Thursday, February 26
Now it happened as he was praying alone, the disciples were with him; and he asked them “who do the people say that I am?” And they answered, “John the Baptist; but others say Elijah; and others, that one of the old prophets has risen.” And he said to them, “But who do you say that I am?” And Peter answered “the Christ of God.”
—Luke 9: 18-20
Several years ago, many people wore bracelets asking them to consider “What would Jesus do?” It was a good attempt to get to the heart of our daily walk with God. But from the very beginning, I had somewhat of an allergic reaction to these bracelets.

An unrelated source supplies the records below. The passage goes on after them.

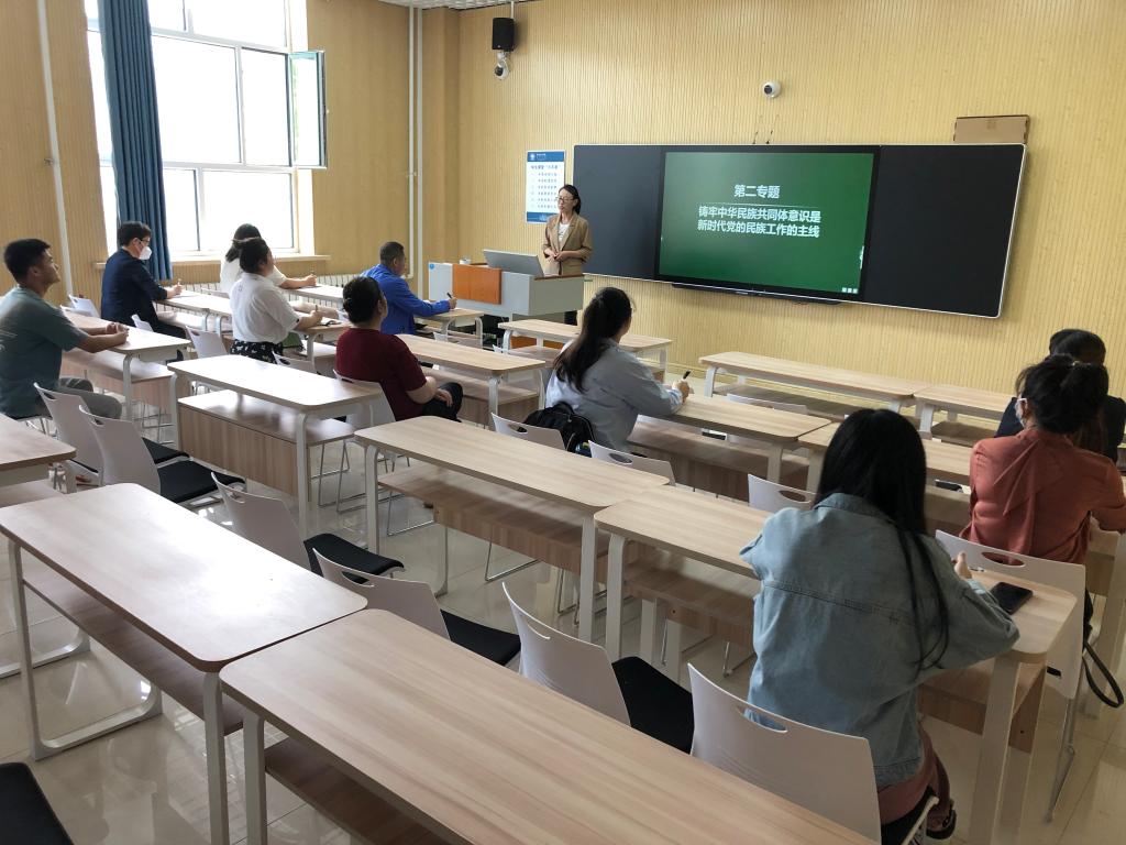 6月15日下午,马克思主义学院铸牢中华民族共同体意识教研室在崇文楼B125智慧教室开展集体备课活动。活动由教研室主任海龙教授主持,课程组全体教师参加。
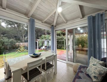 La villetta bifamiliare offre ampi spazi esterni, con un giardino curato dotato di zone prendisole e aree per conversazioni all'aperto. L'ingresso avviene tramite un vialetto comune, conducendo a un luminoso soggiorno-cucina con una veranda chiusa, perfetta per godere della vista sul giardino. La camera da letto ha accesso diretto all'esterno, creando un collegamento armonioso tra gli spazi interni ed esterni.
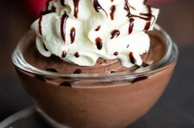 - في وعاء عميق، اخفقي الكريمة السائلة بالمضرب الكهربائي اليدوي حتى تتضاعف وتتماسك.
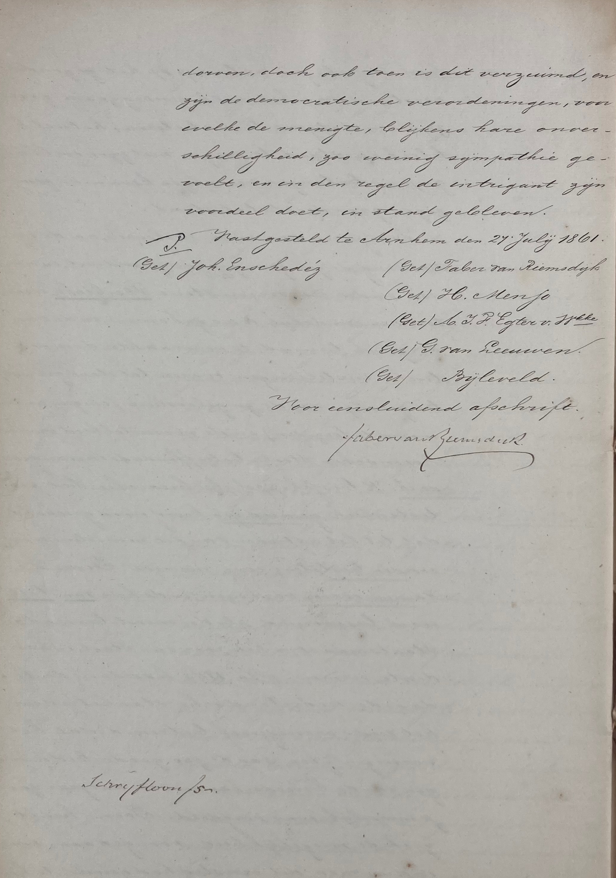 "HERINNERING aan het bedrijf der Tweede Kamer van de Staten-generaal der Nederlanden van 1842 tot 1848". Arnhem, 27 July 1861. (34) lvs. Ms. on paper, r° and v°, signed at end 'for a true copy' w. the signature of Faber v. Riemsdijk. Fol. Wrps.
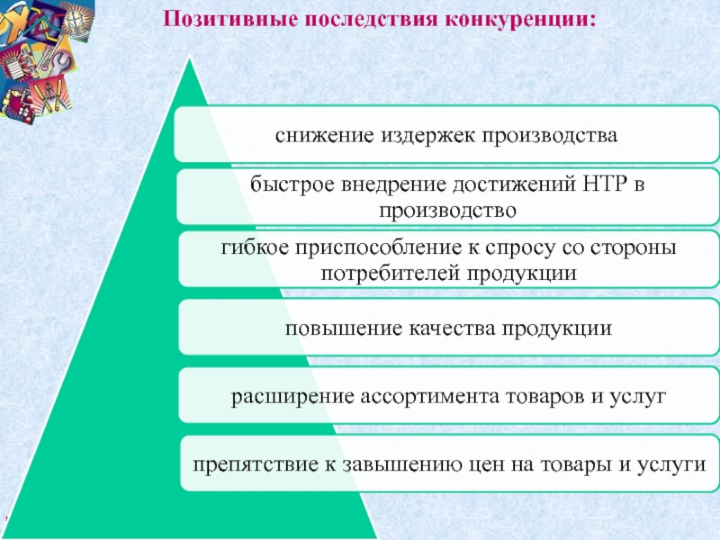 Слайд 23Позитивные последствия конкуренции:
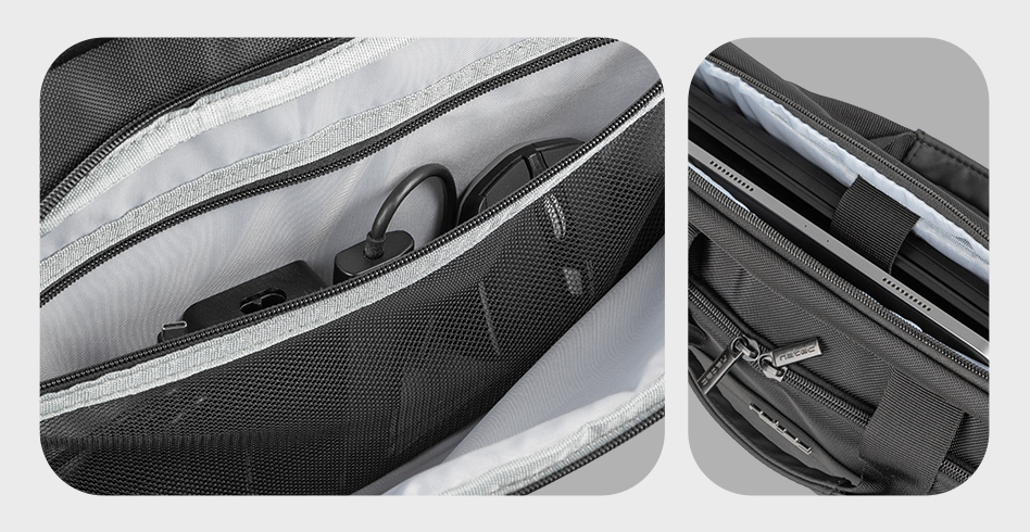 Objemná hlavní přihrádka není vše. Natec Kudu je vybaven další přihrádkou se síťovanou kapsou na zip. Ta vám umožní uspořádat a zajistit příslušenství tak, aby zůstalo na svém místě i během cestování. Kabely, nabíječky, myš - to vše můžete mít vždy po ruce.
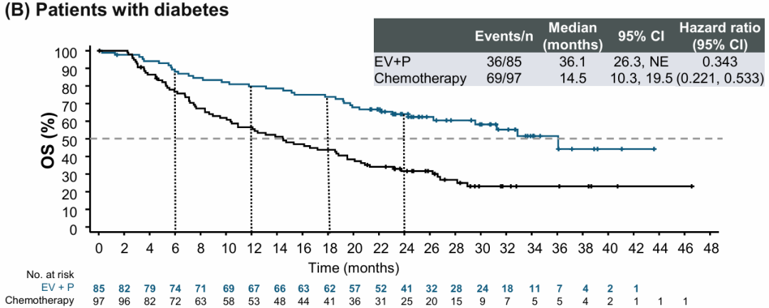 探索性分析结果显示[2],对于基线合并糖尿病的患者,维恩妥尤单抗联合方案的中位PFS是化疗组的4.2倍,疾病进展或死亡风险降低64%(26.3个月vs 6.2个月,HR 0.36);中位OS是化疗组的2.5倍,死亡风险降低66%(36.1个月vs 14.5个月,HR 0.34)。维恩妥尤单抗联合方案的的ORR较化疗实现近乎翻倍(69.9%vs 35.4%),中位DOR是化疗的2.8倍(34.2个月vs 12.4个月)。
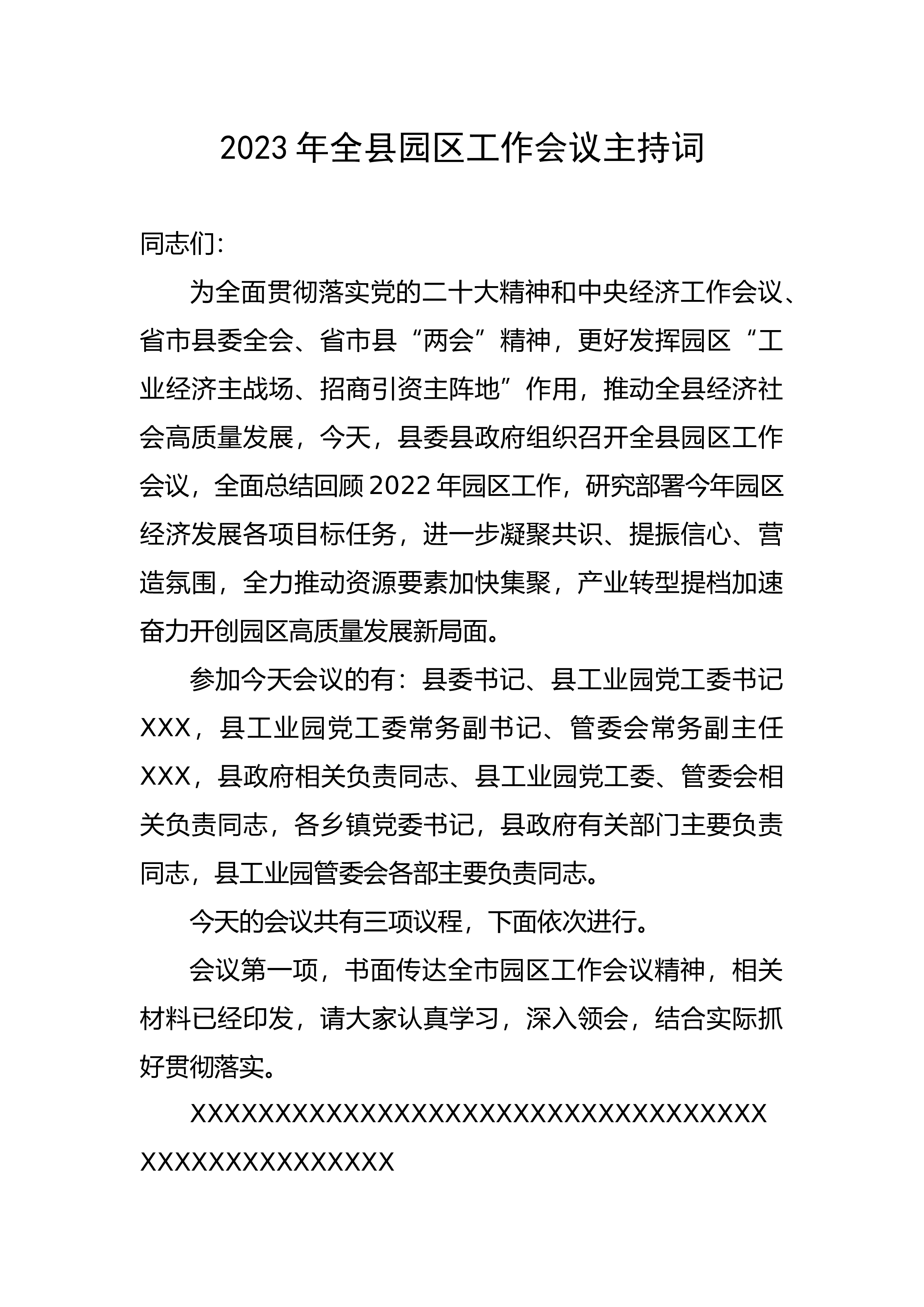 2023年全县园区工作会议主持词同志们:为全面贯彻落实党的二十大精神和中央经济工作会议、省市县委全会、省市县“两会”精神,更好发挥园区“工业经济主战场、招商引资主阵地”作用,推动全县经济社会高质量发展,今天,县委县政府组织召开全县园区工作会议,全面总结回顾2022年园区工作,研究部署今年园区经济发展各项目标任务,进一步凝聚共识、提振信心、营造氛围,全力推动资源要素加快集聚,产业转型提档加速奋力开创园区高质量发展新局面。参加今天会议的有:

I kept thinking something was wrong—it wasn’t that the bracelets seemed inappropriate, but rather that there was something wrong with the message.
In reflecting upon today’s lesson, I realized the problem: instead of asking us to consider what we should do, the bracelet should have asked Jesus’ question: Who do you say that I am? Jesus is concerned with who we were created to be not merely what we were created to do.
Most of us in this contemporary age do not consider questions of being, the hard question of what it means to be a child of God. But it strikes me that at the core of the Gospel, at the core of the good news, the question of being is central. “Who are you” is directly related to “who do you say that I am.”
Who you are in the depths of your being is the most important and accurate image of God’s grace in your life. If you can discover the person God called into being from your mother’s womb, if you can be that person and only that person without all the trappings that life attempts to throw upon you, then you will not only be you, you will also reflect God in all that you are.
Gracious God, help me ask more than what Jesus would do, instead, guide me to the harder question: Who am I?, and in that place of wondering help me discover who I say Jesus is, as well.